Cesar Maia
1. O quadro internacional
sofreu mudanças significativas em 2011. A crise europeia tem encoberto uma
crise maior: o fim do ciclo liberal hegemônico desde o final dos anos 70 com a
ascensão de Thatcher no Reino Unido. Nesse sentido, a crise financeira de 2008
vai muito além da irresponsabilidade e da especulação. A questão do Euro - déficits
e dívidas -, nesse sentido, é uma crise conjuntural grave e a ponta visível
daquele final de ciclo.
2. Quando se fala em reforma
institucional da União Europeia, com perda parcial de soberania dos países
sobre suas políticas fiscais, há que se lembrar que o orçamento é a razão
histórica de ser dos parlamentos. Portanto, a perda parcial de soberania seria
dos próprios parlamentos. Isso aponta para um ciclo que começa a ser desenhado,
com instâncias coletivas de ampliação da esfera estatal.
3. A decisão de responder à
crise das dívidas com restrições orçamentárias, gera uma restrição
internacional ao crédito para evitar efeitos multiplicadores adicionais e um processo
recessivo que atravessará 2012, pelo menos. Seja pelo canal comercial, seja
pelo canal creditício, as economias fora do eixo dos EUA-Europa já sentem as
consequências. No caso do Brasil, se conjuga esse quadro internacional com os
efeitos internos de 2010, da irresponsabilidade fiscal, da bolha creditícia, da
perda de competitividade industrial e da insegurança cambial, todos com
reflexos inflacionários.
4. A América Latina continuou
navegando sem sinal de tendência. Piñera no Chile, Santos na Colômbia e Molina
na Guatemala apontaram para a direita. Humala no Peru, Ortega na Nicarágua e
Cristina Kirchner na Argentina reforçaram o populismo. Este quadro e as
provocações lançadas contra os EUA terminaram isolando a América Latina,
incluindo o Brasil, por sua heterodoxia externa. A China, o Irã e a Rússia
avançaram sobre o continente, em especial a China, que se tornou o principal
parceiro comercial da América do Sul.
5. O silêncio dos EUA em
relação à crise europeia apenas ratificou sua cada vez mais clara preferência
pelas relações com a Ásia. A associação de livre comércio dos EUA com países
asiáticos, que em breve incorporará o Japão, e que incluiu o Peru e Chile,
países do Pacífico, é contundente demonstração disso.

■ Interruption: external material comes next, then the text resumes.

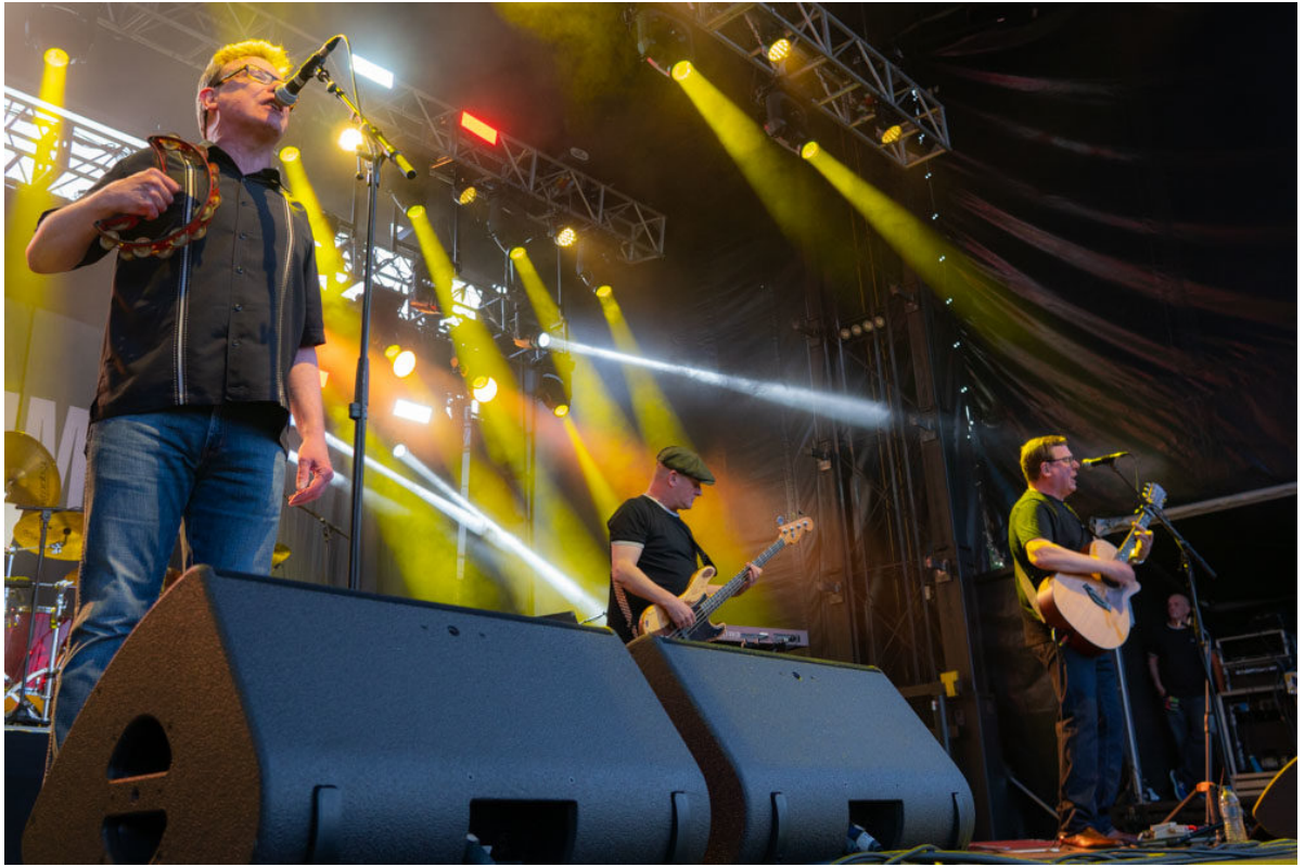
The Proclaimers at Edinburgh Castle

A própria tranquilidade
em relação à pós-primavera árabe, a saída do Iraque, mostra que a atenção dos
EUA estará concentrada no Irã e na defesa de seus parceiros e espaços
estratégicos como a Arábia Saudita e Israel.
6. A política externa europeia
teve um forte ajuste em relação ao norte da África (com a decisão da IDC- internacional
democrata de centro - e do PPE - partido popular europeu - que têm a maioria no
parlamento europeu e onde está a maioria dos governos europeus), ao entender
como parte do processo democrático a vitória dos partidos islâmicos e passar a
estabelecer, naturalmente, relações interculturais e inter-religiosas com os
partidos islâmicos, incorporando aqueles que assim quiserem à própria IDC, como
já ocorreu com o partido da Independência do Marrocos no final de 2010.
7. Nesse quadro internacional
jogam-se novas estratégias, onde o amadorismo, o voluntarismo e a excitação que
tem caracterizado a política externa brasileira só produzirão abraços, tapas
nas costas, e isolamento da mesa daquelas decisões estratégicas.